We present the snapshot distance method (SDM), a modern incarnation of a proposed technique for estimating the distance to a Type Ia supernova (SN Ia) from minimal observations. Our method, which has become possible owing to recent work in the application of deep learning to SN Ia spectra (we use the deepSIP package), allows us to estimate the distance to an SN Ia from a single optical spectrum and epoch of $2+$ passband photometry -- one nights worth of observations (though contemporaneity is not a requirement). Using a compilation of well-observed SNe Ia, we generate snapshot distances across a wide range of spectral and photometric phases, light-curve shapes, photometric passband combinations, and spectrum signal-to-noise ratios. By comparing these estimates to the corresponding distances derived from fitting all available photometry for each object, we demonstrate that our method is robust to the relative temporal sampling of the provided spectroscopic and photometric information, and to a broad range of light-curve shapes that lie within the domain of standard width-luminosity relations.
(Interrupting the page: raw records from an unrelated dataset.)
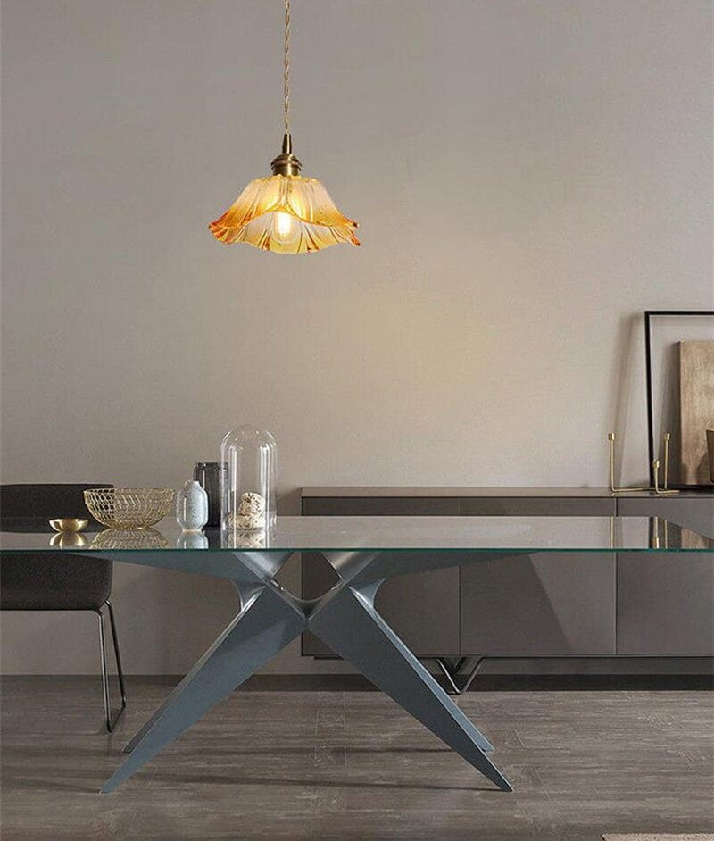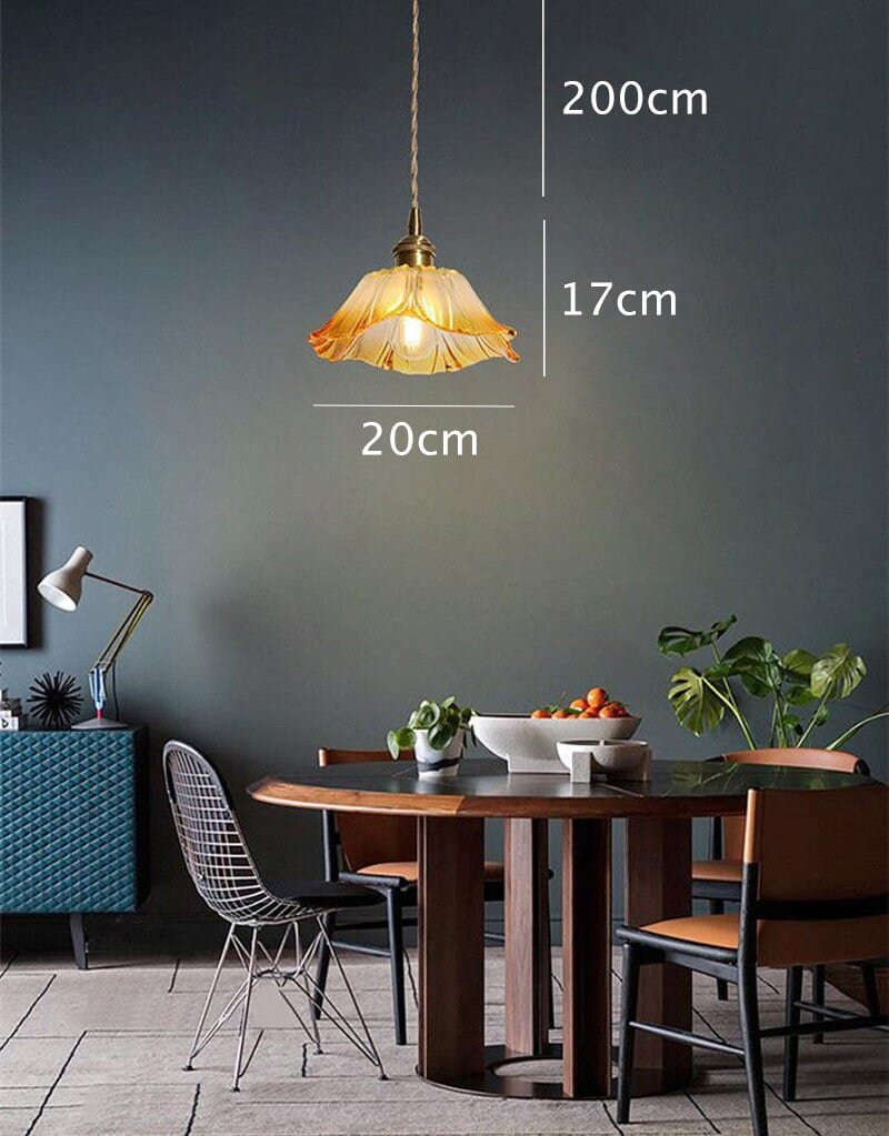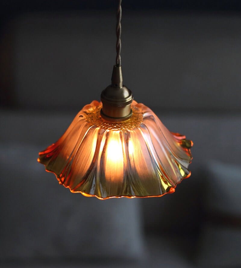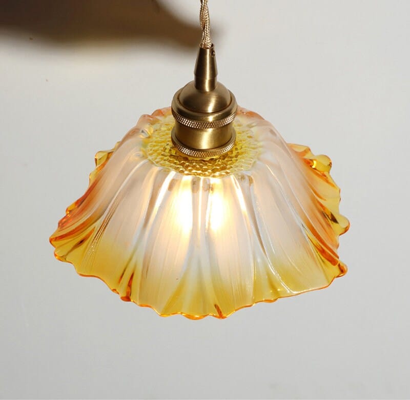 Käsintehty oranssi gradienttilasi kukkariippuva LED-valo vintage-tyyliin - Faredecor
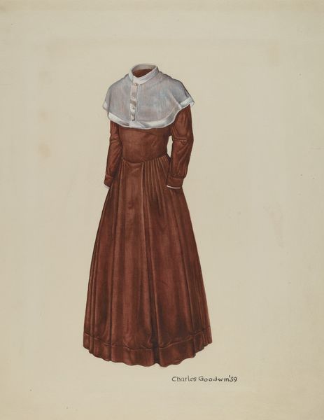 Curator: Mina Greene created this lovely piece, titled "Woman's Coat," circa 1938, using graphite and pencil. It's deceptively simple at first glance. Editor: It reminds me of…a gothic novel. All hushed hallways and secrets whispered in the dark. Stark, almost…eerie in its emptiness, no? It's like the coat is a stand-in for a person. Curator: Absolutely. The emptiness amplifies the social implications. Garments are never just fabric. Clothing acts as a signifier, announcing gender, class, and sometimes even conformity or resistance to prevailing social norms. The coat almost dares us to fill it with our own narratives, to ask who would have worn this and where? Editor: I keep wanting to know who wore it and the shadow quality reminds me of waiting in the dark. Was it elegant or restrictive? A symbol of status, sure, but at what cost? There's an implied presence that hangs heavy. A life, muffled somehow. I feel like she isn’t gone so much as… suspended. Curator: And we can consider the limitations of the artistic gaze. A static, singular coat rather than a dynamic figure—is this simply observation, or does it hint at a deliberate silencing? Mina Greene, by focusing on absence, invites us to interrogate power dynamics embedded in fashion. How garments reflect, and at times, conceal, the complexities of a woman’s identity within a certain time. Editor: A silencing! I like that, almost like a phantom of fashion. Perhaps the missing person is the main subject of the painting? A statement of power, maybe; a rebellion frozen in charcoal. What's left behind once a life moves forward. Curator: Well said, it provokes fascinating layers of analysis, doesn't it? The intersectionality between fashion, identity, and historical power dynamics, laid bare—or perhaps laid… empty. Editor: Emptiness has weight, doesn't it? It lets your own imaginings become the art. I feel like I'm now a co-creator! Thanks, Mina Greene!
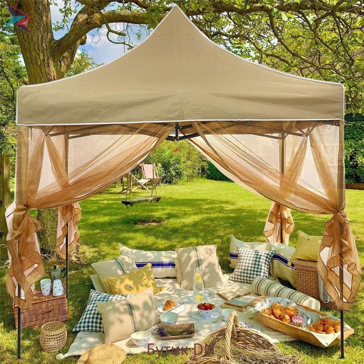 Если размеры участка не позволяют построить постоянную беседку, то можно установить шатер.
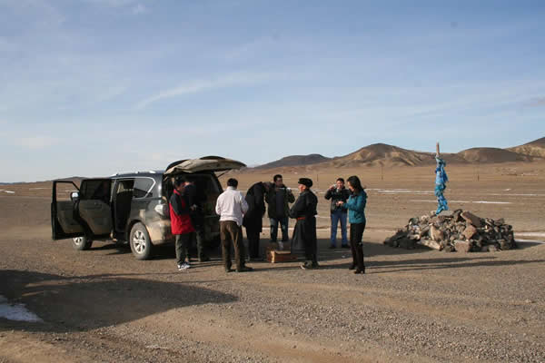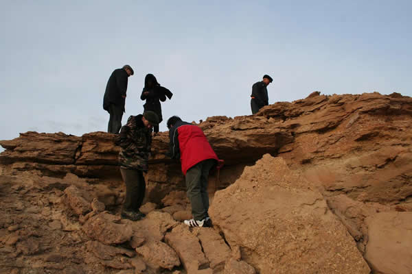 自2011年11月6日(第十三届)中国国际矿业大会上,中国古生物化石保护基金会代表黄新燕副秘书长参加了由国土资源部汪民副部长主持的中蒙双边会谈,并递交了基金会考察报告。此后中国古生物化石保护基金会还应邀参加了中蒙矿产资源合作分委会第四次会议等,中亚科考项目得到主管部门的肯定和支持。经副理事长兼秘书长单华春组织,中国古生物化石保护基金会专家委员会主任徐星推荐,内蒙古自治区地质学会副秘书长、古生物研究所副所长谭琳;沈阳师范大学古生物研究所胡东宇博士、中国古生物化石保护基金会蒙古项目负责人胡建伟一行组成考察团于11月24日奔赴乌兰巴托进行化石现场考察。并于下午17点30分乘车前往乌兰巴托西南1100多公里处的化石发现地,由于雪天路滑,考察团凌晨3点多抵达巴音宏格尔省入住,次日8点继续前往目的地,经过9个小时的路程于25日下午5点抵达化石发现地金丝(音)苏牧150公里处(距阿拉善口岸100多公里)。考察团一行冒着严寒在实地考察并开了现场分析会,会后即连夜返回(于27日凌晨1:30到达)乌兰巴托。
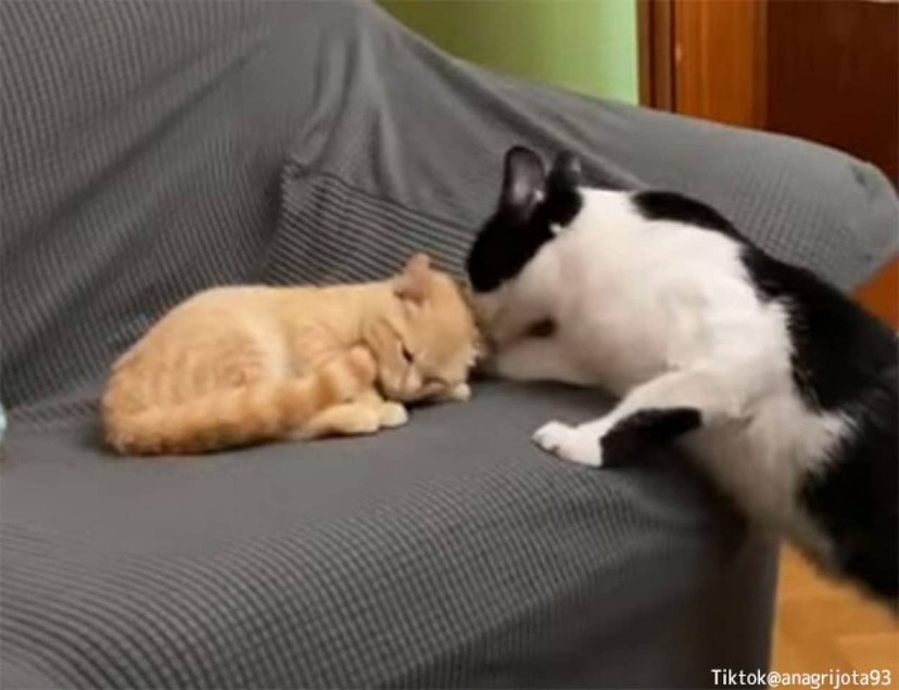 子猫も先住猫に信頼を寄せており、今ではつねに一緒に遊んだり、くつろいだりしている。

Indeed, the median residual (and asymmetric scatter) between SDM distances derived from two-passband photometry and conventional light-curve-derived distances that utilise all available photometry is $0.013_{-0.143}^{+0.154}$ mag. Moreover, we find that the time of maximum brightness and light-curve shape (both of which are spectroscopically derived in our method) are only minimally responsible for the observed scatter. In a companion paper, we apply the SDM to a large number of sparsely observed SNe Ia as part of a cosmological study.